中国の駐車場のEVの充電場所(画像:写真AC)
中国の駐車場のEVの充電場所(画像:写真AC)

 中国市場を起点に、自動車サプライチェーンが変容しつつある。従来は完成車メーカーが系列の部品企業を束ね、垂直統合で開発を進める構造が主流だった。しかし、車載技術の高度化により、この仕組みでは対応しきれなくなった。

 その結果、水平的連携が新たな潮流となった。自動車メーカーとIT企業、通信企業が対等な立場で協業し、業界の垣根を超えた提携が加速している。

 消費者にとっても恩恵は大きい。車載装置でスマートフォンと同等の機能が使えるようになれば、移動中の時間をより有効に使える。今後は音声操作でナビゲーション、エアコン、オーディオの制御が可能になり、自動運転技術との融合によって利便性はさらに高まる。

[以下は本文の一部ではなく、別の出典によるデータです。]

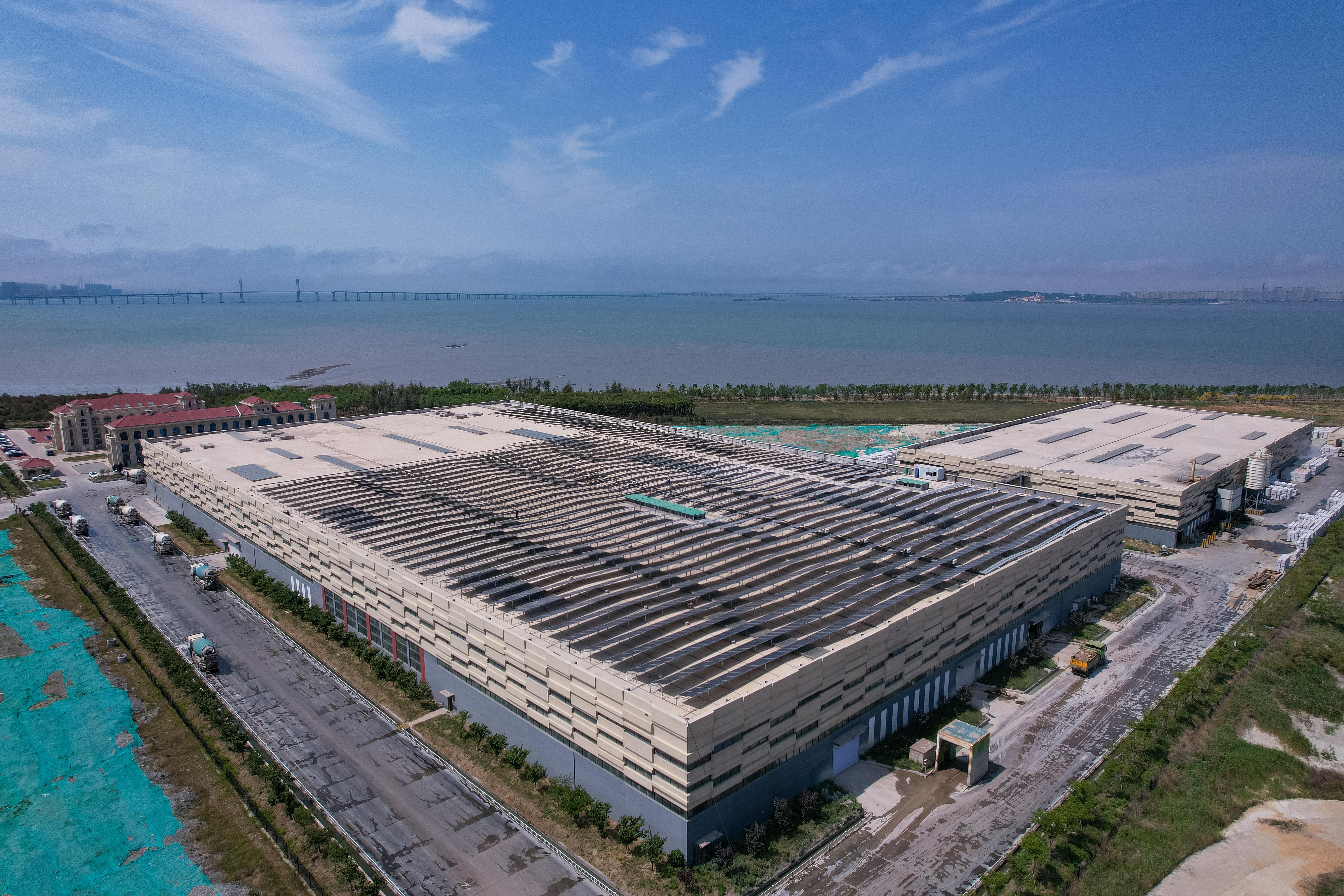 5月22日,位于青島市李滄區的青島綠帆零碳產業園里,一排排太陽能光伏板在廠房頂部整齊排列。張鷹 攝

 部品メーカーや技術企業にも大きな波及効果が及ぶ。従来の部品メーカーは、新たな技術領域への参入を迫られている。一方、ソフトウェアやセンサー分野の企業にとっては、大きなビジネスチャンスが到来した。車載向け半導体の需要も急拡大し、競争は激化。イノベーションのスピードも加速している。

 この変化は、グローバルな自動車産業にも波及する。中国で先行する協業モデルは、他地域にも影響を及ぼす可能性が高い。ファーウェイのようなプラットフォーマーが複数の完成車メーカーに技術を提供することで、一定の技術が共通基盤として標準化されつつある。

 同時に、各メーカーは独自開発も進めており、標準化と差別化が並行する構図となっている。今、自動車産業の競争軸は国境や業界の枠を超え、新たな再編フェーズに入った。